Mam kilka atlasów w tym ,,Atlas ptaków lesnych "(Aleksander Haber) z1961 r którym katowałam swoje młodsze rodzeństwo i odpytywałam z ptaków.,,Ptaki Polski" Jana Sokołowskiego z1979r tym cwiczyłam moje dzieci i najlepszy 2-tomowy Andrzeja Kruszewicza również ,,Ptaki Polski"w tych dwóch ostatnich sa przedstawione zarówno samce jak i samice. oprócz tego jeszcze sporo innych drobnych książek ale bardzo fajnych jak,,Ptaki w parku i ogrodzie" ,,Dokarmiamy ptaki", ,,Ptaki w ogrodzie praktyczny poradnik dla całej rodziny" a dla oznaczania ptaków swiata ,,Atlas ptaków świata"to pewnie jeszcze nie wszystko ale mało z nich korzystam bo ptaki które spotykam sa mi znane.
Bogdziu zaglądam i ślad swój zostawiam wśród suchych liści.
Czas już mało ogrodowy, pogoda jak na razie dopisuje, więc można chociaż na chwilkę przysiąść i odsapnąć patrząc na kolorowy ogród.
W "szmaragdowym" sezon zamknięty, na wiosnę czekam...
Grudzień szybko minie, bo zamieszanie świąteczne nie pozwoli nam się nudzić. Styczeń najgorszy - oprócz dokarmiania naszych małych przyjaciół, nic się w ogrodzie nie dzieje. Luty już jest ok, bo toż to przecież wiosna za pasem, coś zaczyna się dziać w ogrodach i tysiące planów na nowy sezon.
Tak więc, w oczekiwaniu na wiosenne promienie słoneczne, buziaki przesyłam.
PS. Zwerbowałam nowa osobę do naszej ekipy łódzkiej...to facet, drugi rodzynek. Zobaczymy czy załapie naszego ogrodowego bakcyla.
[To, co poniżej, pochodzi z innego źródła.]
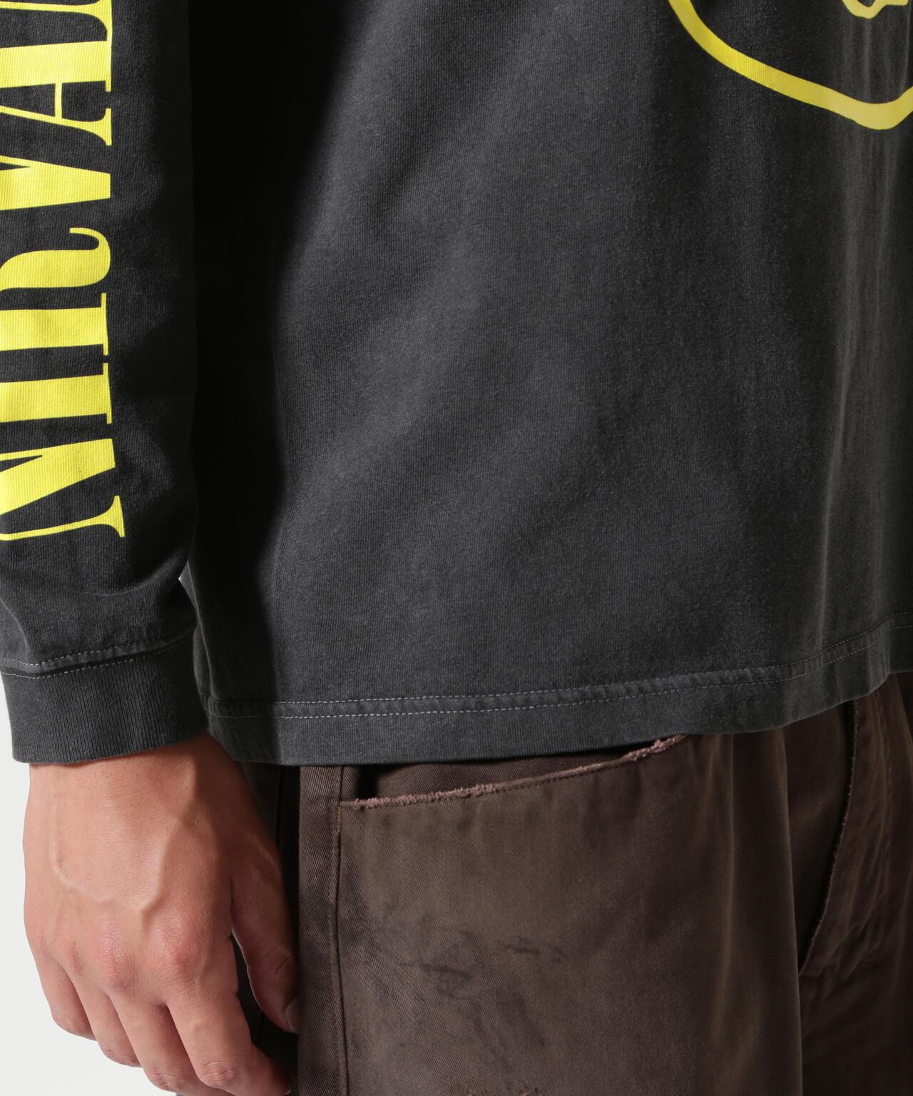 NIRVANA / NIRVANA / SMILE L/S TEE / Collaboration Long T《男/女/中性》備受歡迎的 NIRVANA T 恤合作款👍上市!NIRVANA長袖T恤。此款T恤正面印有笑臉和樂隊徽標,袖子上印有 "NIRVANA "圖案。該商品在加工後進行了 "顏料染色"(色素染色),使其看起來像舊貨。這是 MANASTASH 獨有的特別設計。

Jeszcze nie ma swojego wątku, ale jest już pierwszy sukces - zalogował się na O.
Ma swój ogród, zamiłowanie do ogrodu też, jest więc nadzieja, że coś z tego wyjdzie. Muszę jeszcze troszkę go podręczyć, żeby nie ociągał się tak i założył wątek.
Witaj Bożenko, chciałam tylko powiedzieć, że nieustannie wracam do Twoich pierwszych zdjęć ogrodu na O., inspiruję się, bo chcę założyć sporą rabatę rododendronowo-sosnową. Pozwoliłam sobie przekleić do siebię kilka Twoich porad nt. uprawy RH.
Planuję na wiosnę jechac do Ciepluchy bo rodzinka zaraz obok szkółki mieszka więc będzie okazja na porządne zakupy.
Dziękuję i pozdrawiam
Bożenko ja do Ciebie po poradę, jeśli można...
Niestety mój orzech, na którym były trzy budki lęgowe dla szpaków został ścięty .
Nie wyobrażam sobie wiosny bez szpaków w moim ogrodzie, bez ich śpiewu i świstów . Bez podglądania ich zalotów a potem karmienia piskląt czy pierwszych lekcji latania
Powiedz mi czy zawieszenie budki na jabłoni około 2-3 metry nad ziemią ma sens?
Albo na pniu w grupie tuji?
Bożena u Ciebie rododendrony tez chyba juz muszą dzielić się przestrzenią w korzeniach z drzewami? myślisz ze towarzystwo brzóz jest niedobre dla rodków?
No to namawiaj tego znajomego by zakładał wątek. Zima nudna to nowy ogródek poogladamy, szybciej czas do wiosny zleci.Jak juz zrobił pierwszy krok to niech i drugi postawi a on chyba jeszcze dowcipnis sądzac po wpisie u Ciebie to moze byc fajnie. Dzis chyba definitywne pozegnanie z jesienią, śniegu napadało i to podobno jeszcze nie koniec.
i juz zima
Jesli masz rodzinę w Konstantynowie to kup własnie u Ciepłuchy.W tym roku otworzył nowy punkt i ma tam nie tylko swoją produkcję, były tez np powojniki , róze , byliny, duży teren, tak ze mozna sie obkupic.Pozdrówka.